The same goes for lasers: we talk about induced emission and all that, but we need to explain what that might actually represent – while avoiding the usual mumbo-jumbo about bosonic behavior and other useless generalizations of properties of actually matter- and light-particles that can be reasonably explained in terms of the structure of these particles – instead of invoking quantum-mechanical theorems or other dogmatic or canonical a priori assumptions.

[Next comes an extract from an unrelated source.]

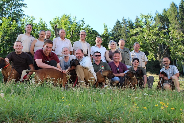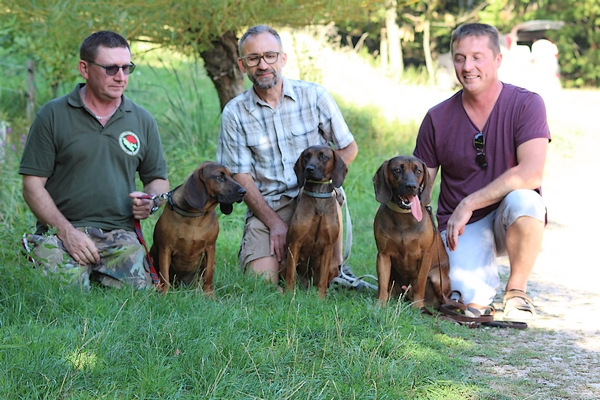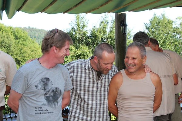 7 équipages (dont 2 chiens de Rouge de Hanovre et 5 chiens de Rouge de Bavière) se sont présentés au rendez-vous du Saint Alexis sur la commune de Kaysersberg pour démontrer leurs aptitudes sous l’oeil du jury composé de Jacques Puthod, Dominique Duvoid et Fernand Vandenput pour le premier groupe de 4 chiens (dont deux membres BGS de la même fratrie « entre Sûre et Semois » – Bruno Harbackens & Java du Domaine de Chambord), et de Christophe Missland et Francis Prignitz, assistés de Gilles Sinicco en tant qu’élève juge, pour le second groupe constitué de 3 membres BGS de la fratrie « de la Belle Jeanne » (Maestro de la Croix Valentin & Janka des Treize Fontaines).
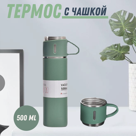 Термос с кружкой из нержавеющей стали, ваакумный, хранит тепло и холод. Идеальный подарок, себе, семье, друзьям и коллегам под различные праздники , новый год, день рождения, день знаний,

So, yes, it is going to be hard work – and I am not quite sure if I have sufficient time or energy for it. I will try, and so I will probably be offline for quite some time while doing that. Be sure to have fun in the meanwhile ! 🙂

Post scriptum: Perhaps I should also focus on converting some of my papers into journal articles, but then I don’t feel like it’s worth going through all of the trouble that takes. Academic publishing is a weird thing. Either the editorial line of the journal is very strong, in which case they do not want to publish non-mainstream theory, and also insist on introductions and other credentials, or, else, it is very weak or even absent – and then it is nothing more than vanity or ego, right? So I think I am just fine with the viXra collection and the ‘preprint’ papers on ResearchGate now. I’ve been thinking it allows me to write what I want and – equally important – how I want to write it. In any case, I am writing for people like you and me. Not so much for dogmatic academics or philosophers. The poor experience with reviewers of my manuscript has taught me well, I guess. I should probably wait to get an invitation to publish now.